Все мы начиная с 24 февраля 2022 года оказались перед лицом наступающего варварства, насилия и лжи. В этой ситуации чрезвычайно важно сохранить хотя бы остатки культуры и поддержать ценности гуманизма — в том числе ради будущего России. Поэтому редакция «Горького» продолжит говорить о книгах, напоминая нашим читателям, что в мире остается место мысли и вымыслу.
— Год назад вышел твой перевод африканского писателя Дамбудзо Маречеры, а теперь ты подготовил издание знаменитого арабского писателя Ибрагима аль-Куни. Почему такой акцент на авторах из стран третьего мира?
— Фактически это тоже африканский писатель: Ибрагим аль-Куни из Ливии, это Северная Африка, так называемые страны Магриба. Авторами из третьего мира я занимаюсь потому, что всеми мало-мальски интересными европейскими писателями занимаются дипломированные серьезные специалисты, из которых уже образуются целые династии, поэтому про таких авторов сложно сказать что-то новое. А я нашел тех авторов, которые здесь практически никому не нужны, но зачастую ничуть не уступают своим коллегам из Западной и Восточной Европы, из Соединенных Штатов Америки и из других стран, разумеется.

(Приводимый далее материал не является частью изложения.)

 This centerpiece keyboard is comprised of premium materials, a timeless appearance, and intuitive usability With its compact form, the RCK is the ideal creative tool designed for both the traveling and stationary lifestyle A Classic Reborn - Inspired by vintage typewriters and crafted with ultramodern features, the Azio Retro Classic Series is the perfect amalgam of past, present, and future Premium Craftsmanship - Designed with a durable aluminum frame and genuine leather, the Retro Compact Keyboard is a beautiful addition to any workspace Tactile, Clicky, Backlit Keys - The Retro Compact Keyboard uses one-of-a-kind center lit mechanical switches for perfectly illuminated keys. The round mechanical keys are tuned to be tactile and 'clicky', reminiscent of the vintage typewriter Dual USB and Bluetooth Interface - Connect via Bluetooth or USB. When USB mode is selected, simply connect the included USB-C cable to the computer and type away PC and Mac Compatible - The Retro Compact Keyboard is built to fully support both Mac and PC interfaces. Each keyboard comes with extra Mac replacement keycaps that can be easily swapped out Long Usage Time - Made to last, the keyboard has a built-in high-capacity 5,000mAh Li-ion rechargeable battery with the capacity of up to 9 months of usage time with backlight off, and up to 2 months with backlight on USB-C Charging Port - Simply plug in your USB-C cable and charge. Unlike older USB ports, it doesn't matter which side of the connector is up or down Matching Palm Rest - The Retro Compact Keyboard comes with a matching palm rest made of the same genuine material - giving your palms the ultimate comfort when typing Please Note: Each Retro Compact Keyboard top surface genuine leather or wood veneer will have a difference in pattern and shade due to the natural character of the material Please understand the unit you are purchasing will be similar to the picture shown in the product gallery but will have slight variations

— Не только не уступают, но во многом их превосходят. Во вступительном слове Резы Негарестани, которое ты перевел, Реза говорит, что его бесит, что «в США постоянно говорят об идиоте Джонатане Франзене, но никогда об аль-Куни». Ты согласен с этим? Какие чувства ты испытал, когда переводил эти строки?
— Да, абсолютно согласен. Когда переводил, меня прямо…
— Подбросило.
— Да, прямо подбросило, я был преисполнен чувства глубочайшего удовлетворения. Правда, я даже не знаю, кто такой Франзен. Мне еще потом пришлось спрашивать у знакомых, знают ли они, кто такой Франзен. Я его вообще сначала перепутал с Фрэзером и подумал, почему Реза Негарестани катит бочку на Фрэзера, в чем он перед ним провинился, но оказалось, что это вообще разные люди — Франзен и Фрэзер. В конце концов мне сообщили, что Франзен — это романист, произведения которого пользуются большой популярностью. Но для меня все это было просто как темный лес. Тем не менее с Резой я согласен на все сто процентов.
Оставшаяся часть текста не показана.